▼

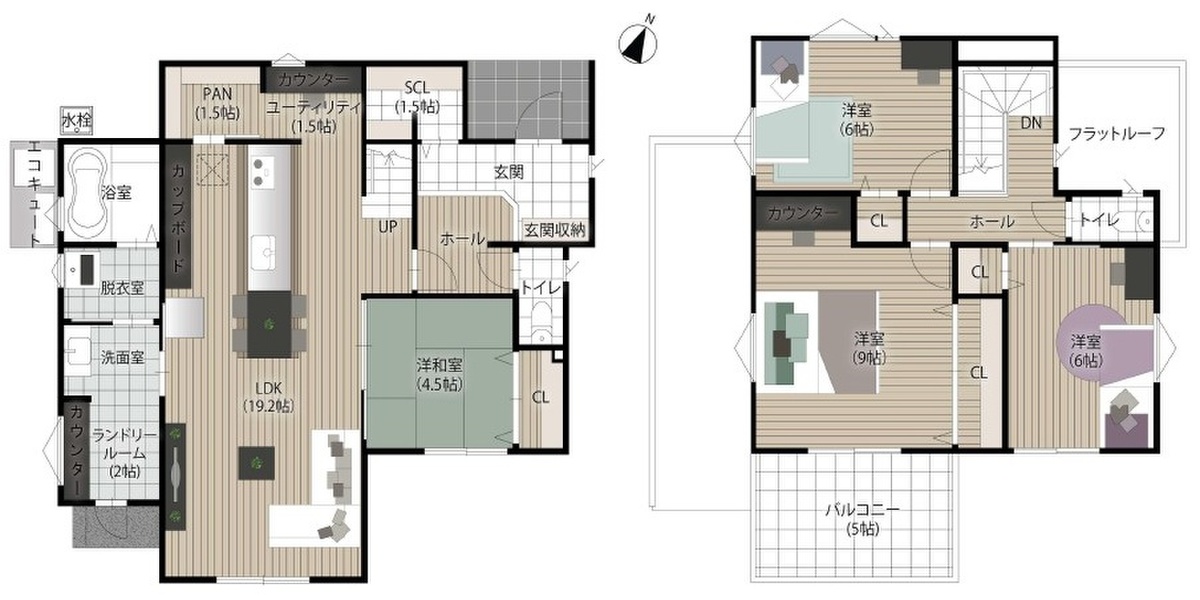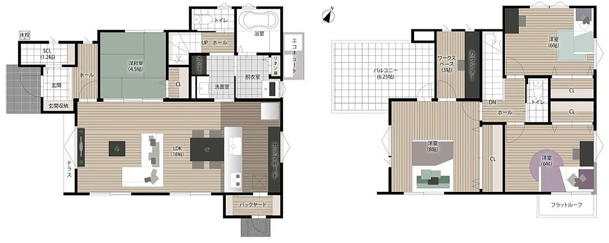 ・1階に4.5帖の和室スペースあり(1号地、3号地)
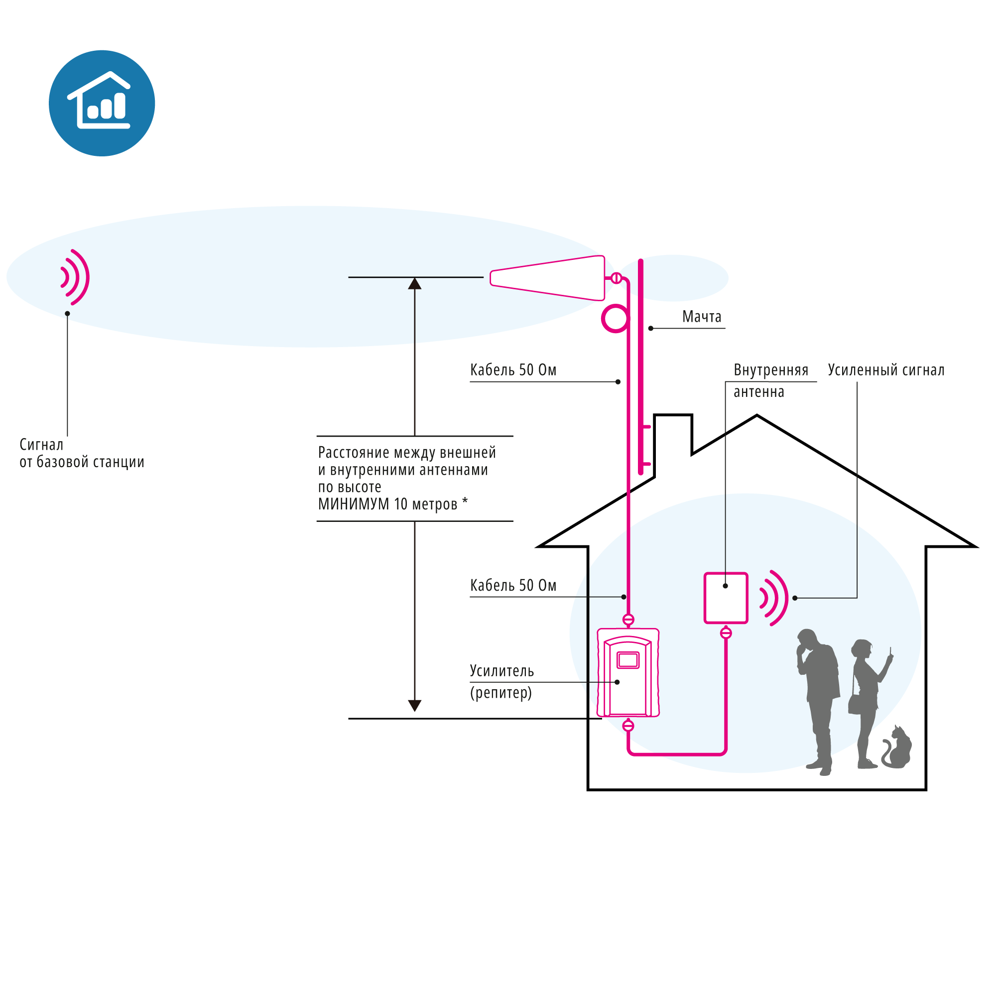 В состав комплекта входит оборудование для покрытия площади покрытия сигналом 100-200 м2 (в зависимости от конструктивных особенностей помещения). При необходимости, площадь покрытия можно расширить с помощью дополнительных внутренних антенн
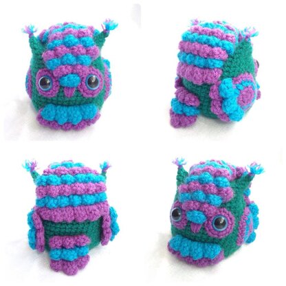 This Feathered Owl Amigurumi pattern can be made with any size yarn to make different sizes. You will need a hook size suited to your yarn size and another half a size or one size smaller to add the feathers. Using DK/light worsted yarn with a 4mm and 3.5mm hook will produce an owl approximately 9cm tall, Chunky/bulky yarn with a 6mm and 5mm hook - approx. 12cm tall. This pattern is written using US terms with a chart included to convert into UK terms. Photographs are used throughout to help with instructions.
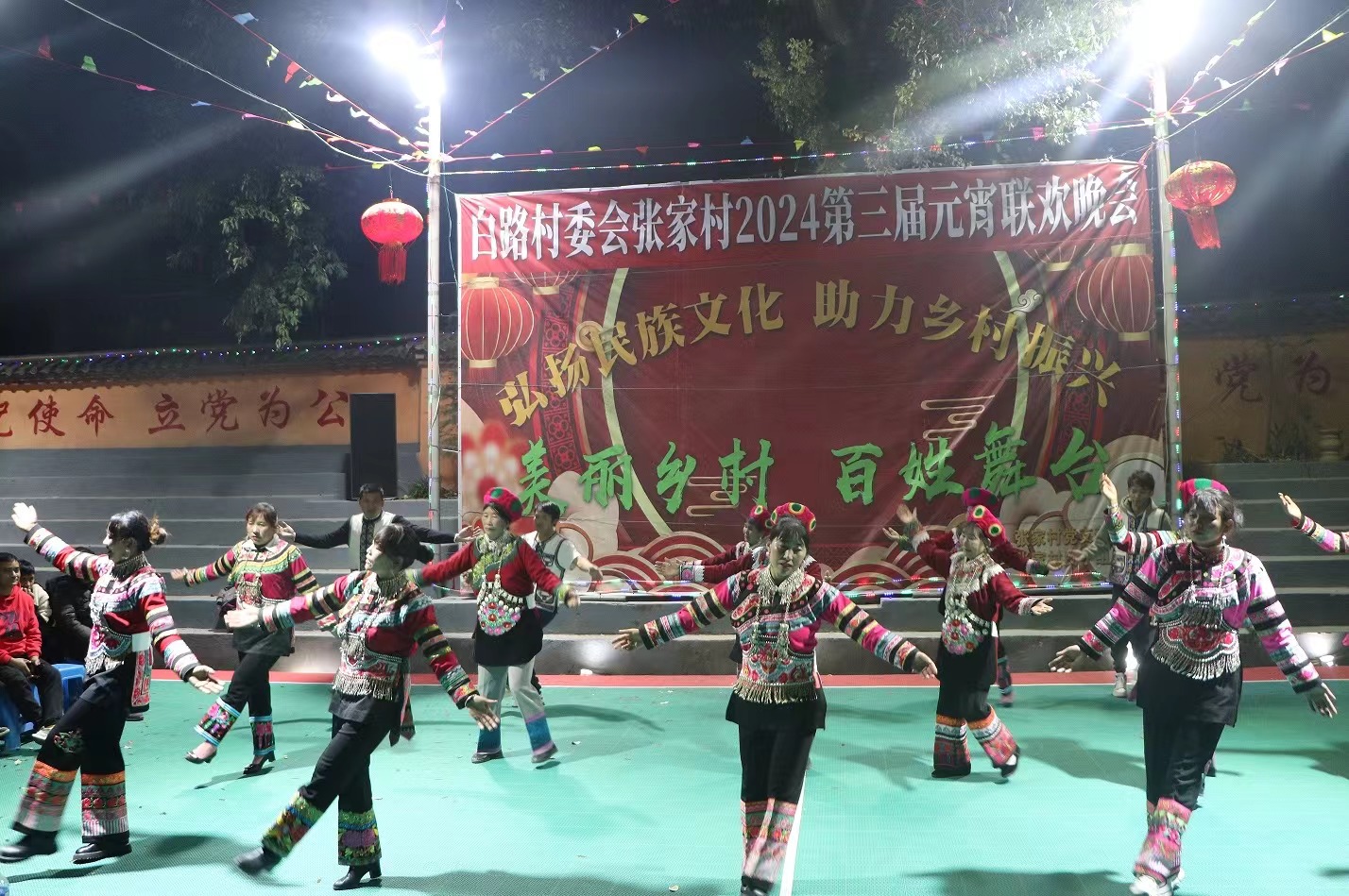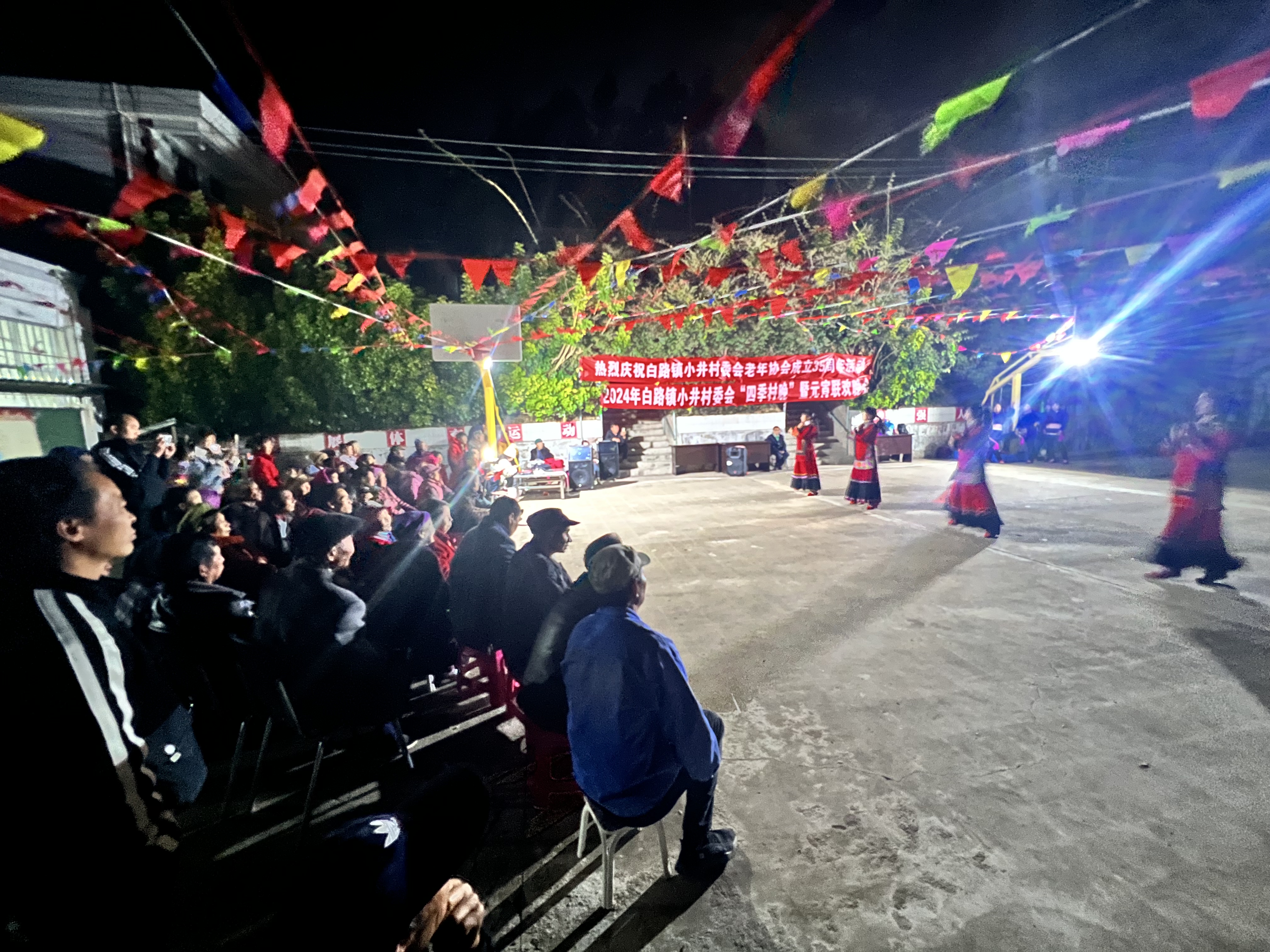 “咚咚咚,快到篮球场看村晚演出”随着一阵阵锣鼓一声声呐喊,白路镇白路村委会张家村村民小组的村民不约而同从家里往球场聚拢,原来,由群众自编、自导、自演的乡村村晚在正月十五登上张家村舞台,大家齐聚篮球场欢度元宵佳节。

▲

* _Goal of the exercise_
Copy out, unchanged, the span of lines beginning with the one that includes "This Feathered Owl" and running through the final line of the material above. Leave the pictures out.

* _Answer to this exercise_
 This Feathered Owl Amigurumi pattern can be made with any size yarn to make different sizes. You will need a hook size suited to your yarn size and another half a size or one size smaller to add the feathers. Using DK/light worsted yarn with a 4mm and 3.5mm hook will produce an owl approximately 9cm tall, Chunky/bulky yarn with a 6mm and 5mm hook - approx. 12cm tall. This pattern is written using US terms with a chart included to convert into UK terms. Photographs are used throughout to help with instructions.
 “咚咚咚,快到篮球场看村晚演出”随着一阵阵锣鼓一声声呐喊,白路镇白路村委会张家村村民小组的村民不约而同从家里往球场聚拢,原来,由群众自编、自导、自演的乡村村晚在正月十五登上张家村舞台,大家齐聚篮球场欢度元宵佳节。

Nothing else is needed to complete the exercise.